One of the greatest fallacies today is the denial of history and tradition in an effort to recreate ourselves. For in denying history, we deny God. In Deb Elkink’s debut novel, The Third Grace, this theme runs through a well-crafted story.

In this coming-of-age plot, Mary Grace, 17, seeks to find herself by redefining herself, leaving her past behind. She falls in love with Francois, a high school exchange student, because of his image, not his true character. After an unforgettable summer, Francois is no longer in her life; she leaves her rural Nebraska roots for the big city of Denver. She desires sophistication, replacing humble faith with proud doubt. Francois renamed her Aglaia, after the goddess of beauty in Greek mythology, and she gladly keeps the new name.

No longer Mary Grace, she pursues her career in costume design as Aglaia, designing costumes as she tries on her new persona, or seeks to do so. She uses old-world skills — thread and needle — to gain entry into the brave new world of theater and university and film.

Through the elderly character of Ebenezer we watch the battle in Aglaia, and it is through Ebenezer that the authorial voice is largely heard. He is a man of faith and tradition, a man who believes in God and Scripture, who knows the difference between illusion and reality, between lies and truth, as well as between the role of art and the purposes of education.

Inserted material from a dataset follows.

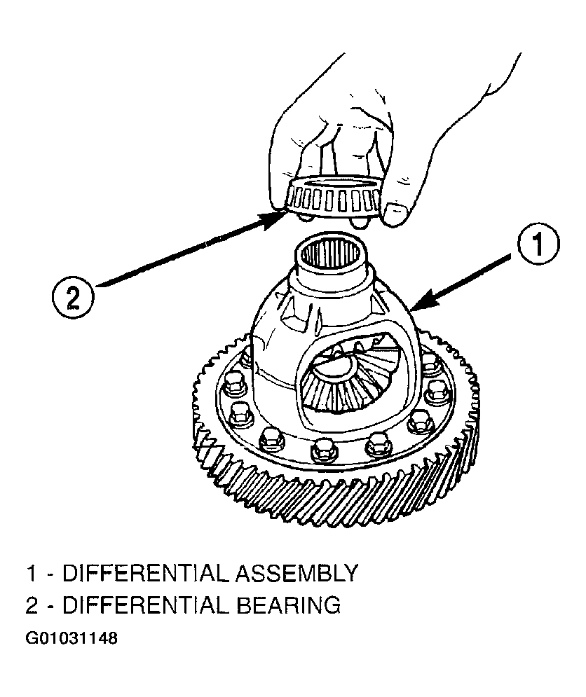 The differential is serviced as an assembly. The only parts that are serviceable within the differential are the differential bearing cups and cones. If any other part fails within the differential, you must replace the differential assembly along with the transfer shaft.

He is our wise man.

These are large subjects, and Deb Elkink weaves them into the fabric of her story, counterpointing flashbacks to that pivotal summer on the farm and Aglaia’s growing relationship with the local university in Denver. From the university enters our third point-of-view, that of the nihilistic professor Lou, and we see the cynicism and greed of a life without divine guidance. We consider the nature of art and the role of academia.

As a farm girl in the big city, Aglaia is tempted by the liberal gnosis of academia that Lou embodies, and this too is well drawn by the author. It is a world tempted by itself, like the snake devouring its own tail. We see sexual temptations, worldly temptations, and temptations simply of self-pride and self-destruction.

Aglaia must of course face this conflict in her soul and must choose who and what she is, and more importantly, how to go about making these choices, what authority to call upon. She takes a Bible on her business trip to Paris and it is this book of Scriptures that weaves in and out of the story as though it were a character in its own right, a character from her past that she can’t quite abandon.

Ms. Elkink has created a huge canvas in few pages, a novel rich in word and image. We hear renderings of tradition versus modernity: “You are what you read” (76) and “The moment one idolized the method, one lost the message.” (77) What do we idolize? Should we? Why?

While the author’s word choice and phrasing can at times be too rich, too dense, I appreciate her brilliance, knowing that trapping the right detail isn’t easy:

She dipped into her bag to hook out her sketchpad and, with a few deft strokes of her graphite, captured the swing of the violinist’s skirt, the strain at the sleeve seam as the girl propelled her bow across willing strings. (135) (italics mine)

Ms. Elkink’s depiction of the great rural landscape of Nebraska, a place I do not personally know, gave me a beatific glimpse of the natural world:

By Aglaia’s watch, it was eleven o’clock on Sunday morning and already sheets of heat undulated over the standing grain. The wind swept the crop like a hand brushing velvet, swatted the clouds and a flock of skittering sparrows across the sky. (218)

And her depiction of a tornado:

They spy a twister backlit by flashes forming in the roiling clouds, and … they watch in awe a funnel dipping and lifting, a dark finger stirring the blacker fields before closing up into the fist of the sky… (229)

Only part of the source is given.